I turn my head, facing her, “What do you mean?”

Charlie looks straight ahead, focusing on the long tree-lined road. “Well, for starters, he was practically all over you this morning…and it was kind of awkward.”

I’m caught off guard. “He was not all over me this morning. And what was awkward?”

“Yeah, okay. He was sitting beside you with his arm over your shoulder, and you were leaning into him. The both of you kept whispering in each other’s ears and laughing.”

She’s talking about when Logan and I were cracking jokes about Blair Mega Bitch during breakfast. “And what’s so awkward about that?” I ask.

“It’s not a bad awkward. It’s just like, I don’t know—it felt weird watching you like that. You seemed happy.”
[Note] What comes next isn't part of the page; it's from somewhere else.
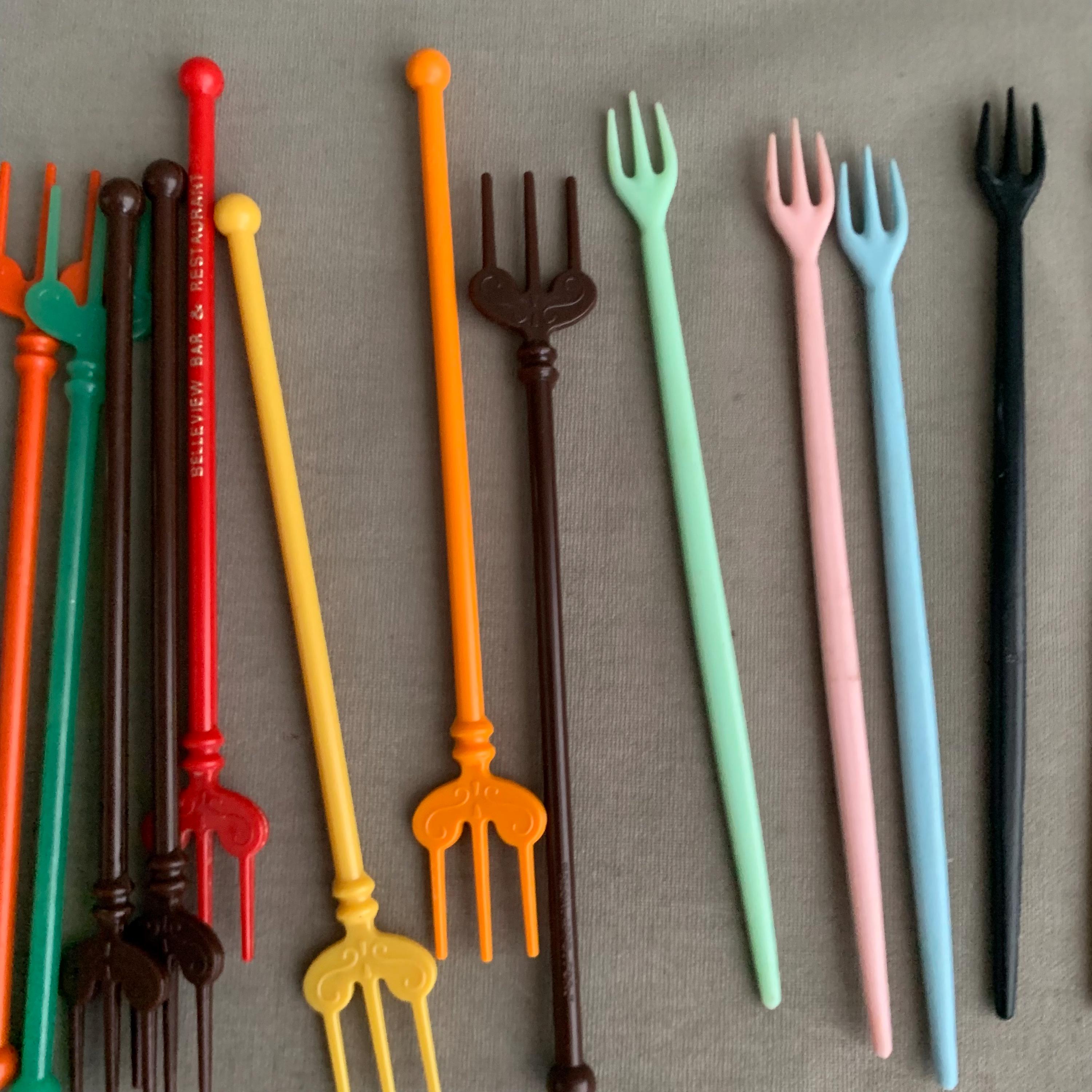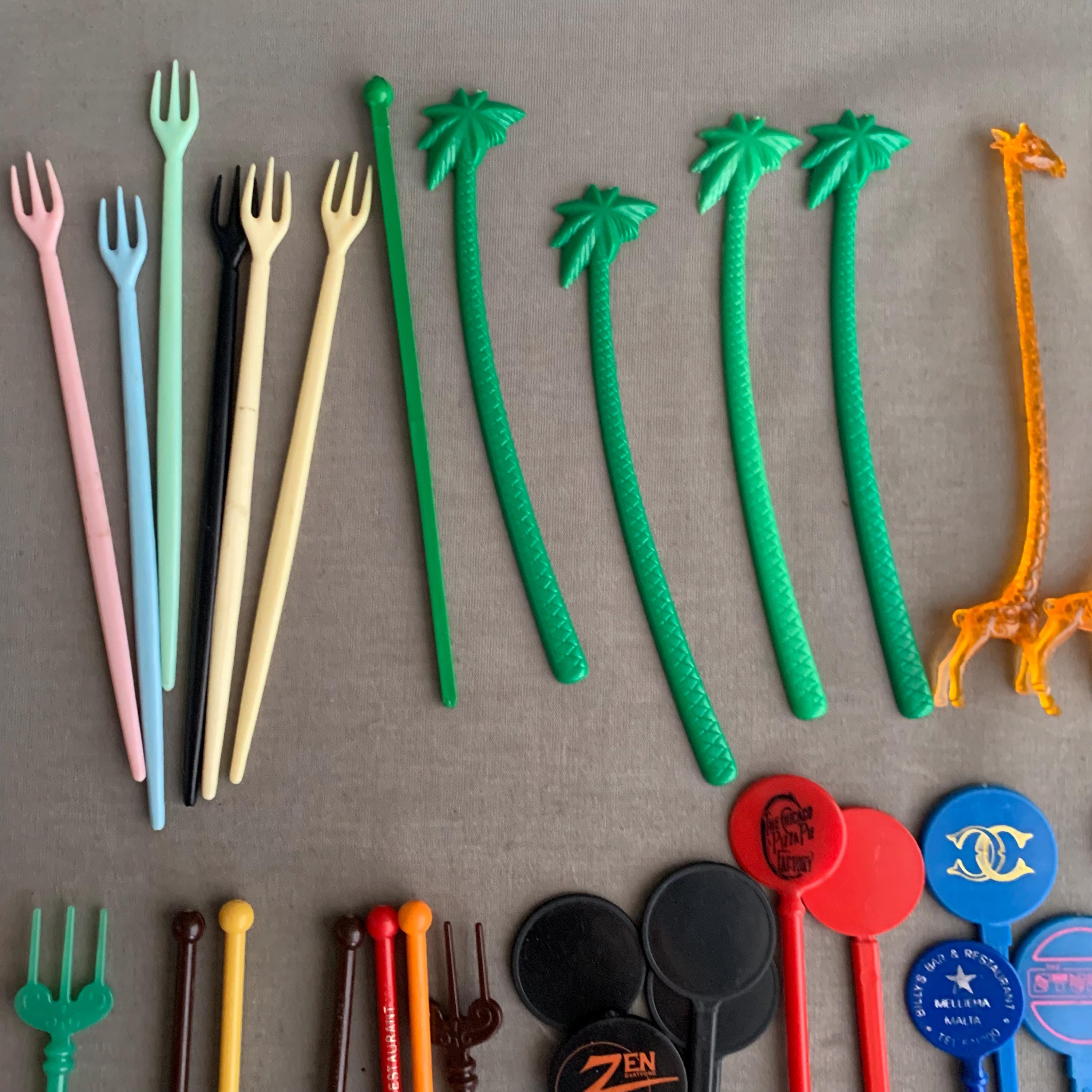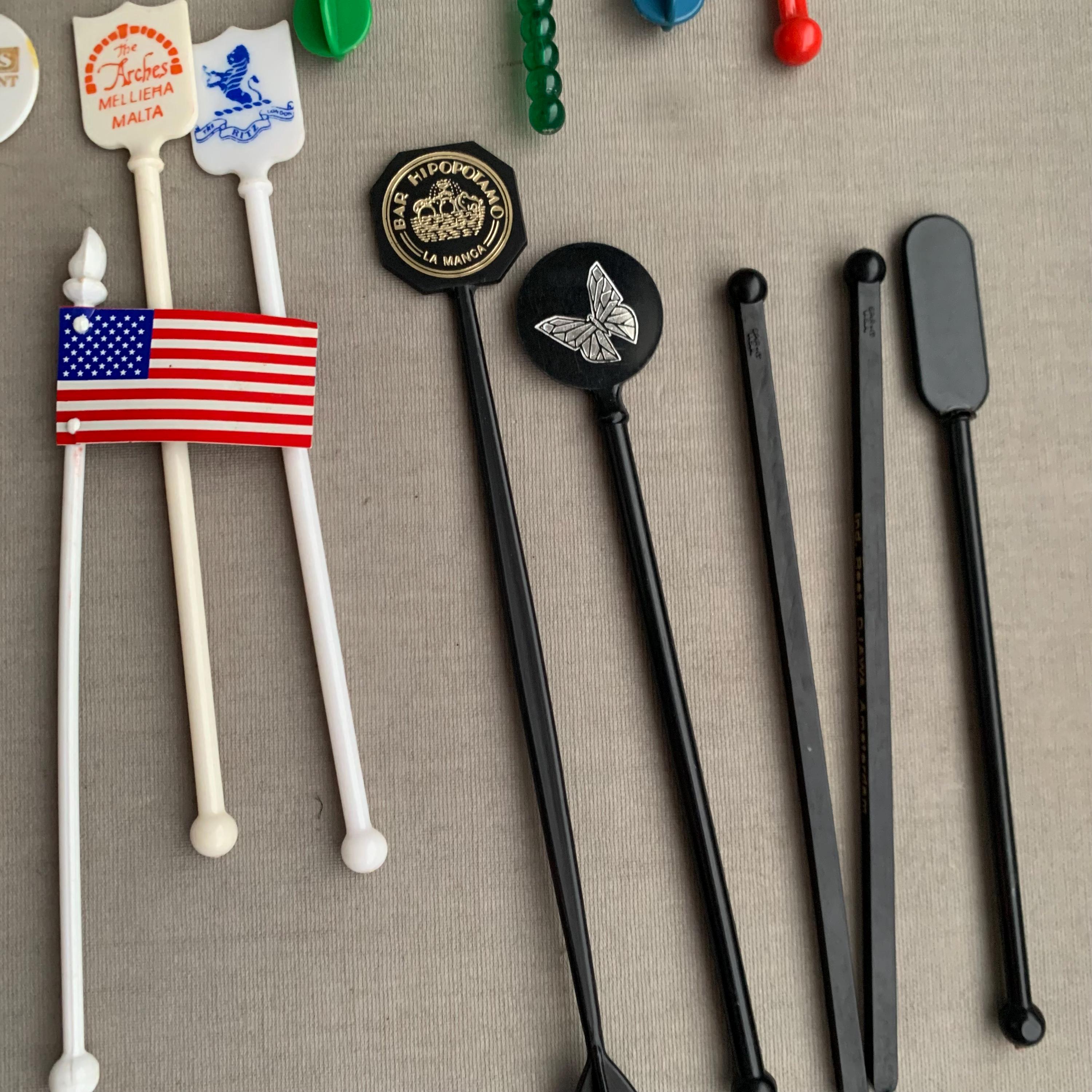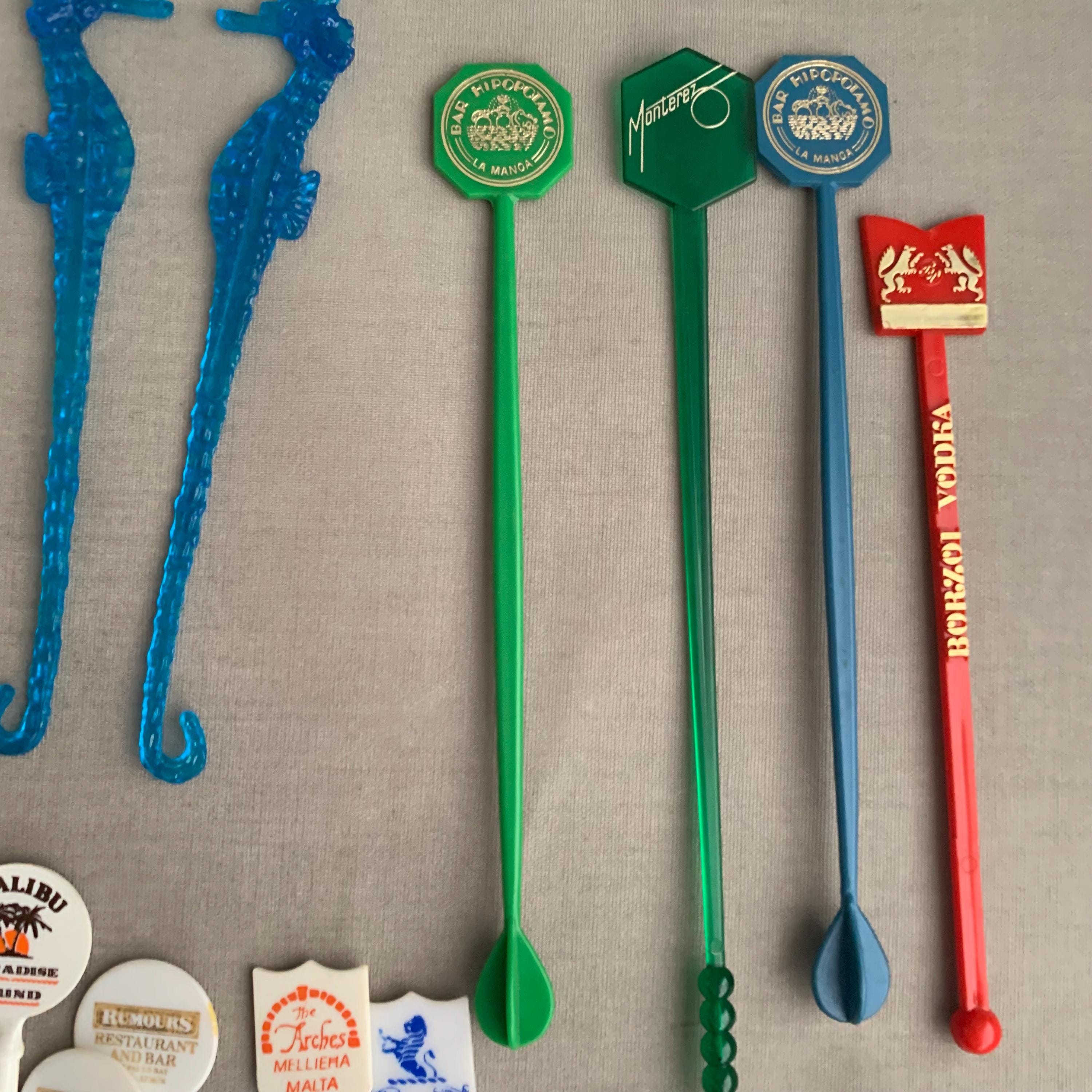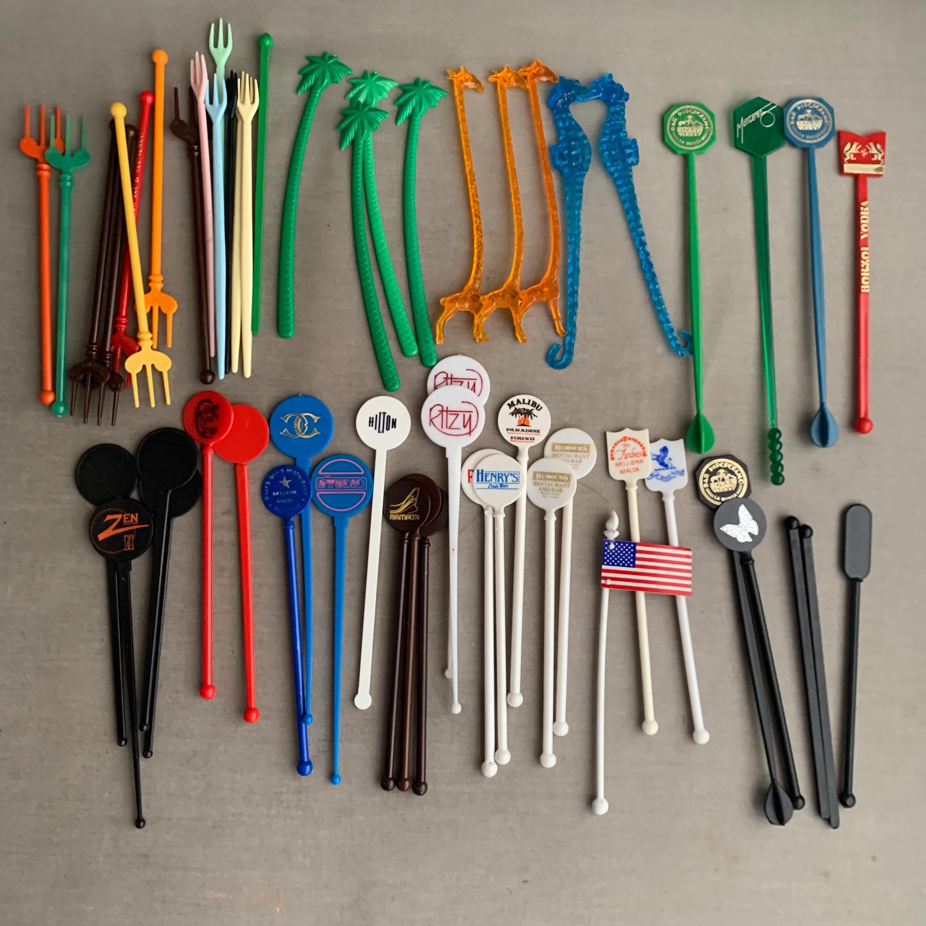 These plastic drink stirrers are quirky collectible barware, dating from the 1960s to 1980s.

“It’s weird to see me happy?” I retort. Charlie’s little statement causes a flash of heat between my ears, and I’m sure my face is flushing right now. Have I been that out of touch with myself that I haven’t even realized how miserable I’ve been? So miserable, in fact, that seeing me happy is out of place? Now I’m kind of angry with myself.

“No. No, Jenna. I’m just curious. The two of you were, well, out on that swing the entire night in your own la-la land. Did something happen? Are you guys, like, well…hooking up?”

I laugh self-consciously. “Hooking up? No. We realized we have a lot in common, that’s all. And I told him I’d prefer to just be friends. He was fine with that. I don’t know Logan entirely, but it’s nice to have someone to talk to.”

“You can always talk to me.” Her voice is soft, perhaps with a bit of jealousy.

I reach out, placing a hand on her shoulder. “Charlie, I will always have you, and you’ll always have me. You’re an amazing friend. But you’re the one who said I should stop being the antisocial kid. This is me stopping that.”

She sighs, nodding. “You’re right. I just want you to be careful, ya know? I want to make sure you’re careful. That’s all.”